#### DATA SEGMENT

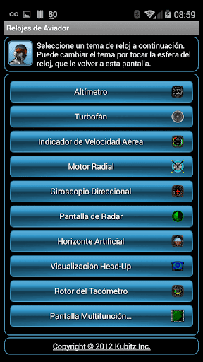 La versión gratuita viene con 3 temas de aviación reloj y 3 fondos de pantalla de cabina. Una clave de licencia pueden ser comprados que desbloquea 10 más temas de aviación reloj y 5 más fondos de pantalla para satisfacer cualquier piloto. La clave de licencia es una compra de una sola vez, que Google Play gestionará de manera que todos los temas se desbloqueará en sus otros dispositivos Android también.
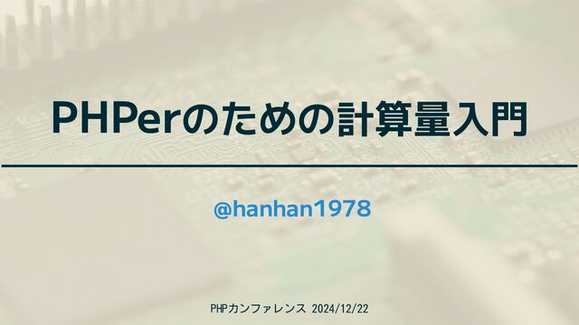 PHPerのための計算量入門 PHPカンファレンス 2024/12/22 @hanhan1978
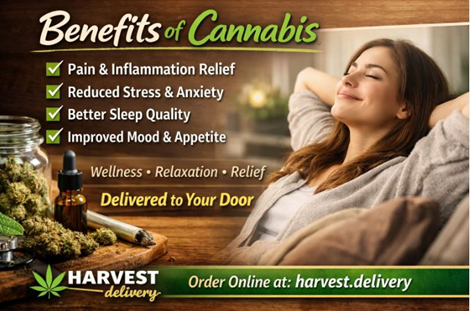 Benefits Of Cannabis – Wellness, Relief & Convenience DeliveredDiscover the benefits of cannabis and how it can support your lifestyle, wellness, and relaxation needs. Whether you’re exploring cannabis for therapeutic use or personal enjoyment, trusted services like Harvest.Delivery make access safe, easy, and convenient. Cannabis has gained widespread recognition for its potential health and wellness benefits when used responsibly and in accordance with local laws. With professional delivery platforms, you can now explore high-quality products from the comfort of your home. Key Benefits of Cannabis • Helps manage chronic pain and inflammation • Supports stress relief and relaxation • May improve sleep quality and insomnia issues • Assists with anxiety and mood balance • Can help stimulate appetite and nausea control Why Choose Online Cannabis Delivery? • Convenient and discreet ordering • Wide selection of quality products • Fast and reliable doorstep delivery • Safe and regulated purchasing experience • Trusted providers with verified products Popular Cannabis Uses • Medical and therapeutic purposes • Recreational relaxation • Sleep support and stress management • Pain and discomfort relief
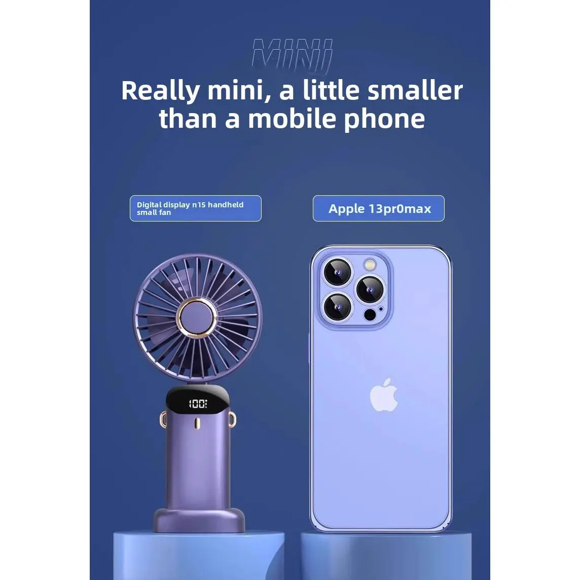 N15 handheld fan USB portable foldable rechargeable neck-hanging digital display desktop fan with long battery life and portable design

########

Copy exactly, and only, the lines from the first line of the material through the line that contains "PHPerのための計算量入門 PHPカンファレンス 2024/12/22", both ends kept; no pictures.

§ **TASK RESULT**:
 La versión gratuita viene con 3 temas de aviación reloj y 3 fondos de pantalla de cabina. Una clave de licencia pueden ser comprados que desbloquea 10 más temas de aviación reloj y 5 más fondos de pantalla para satisfacer cualquier piloto. La clave de licencia es una compra de una sola vez, que Google Play gestionará de manera que todos los temas se desbloqueará en sus otros dispositivos Android también.
 PHPerのための計算量入門 PHPカンファレンス 2024/12/22 @hanhan1978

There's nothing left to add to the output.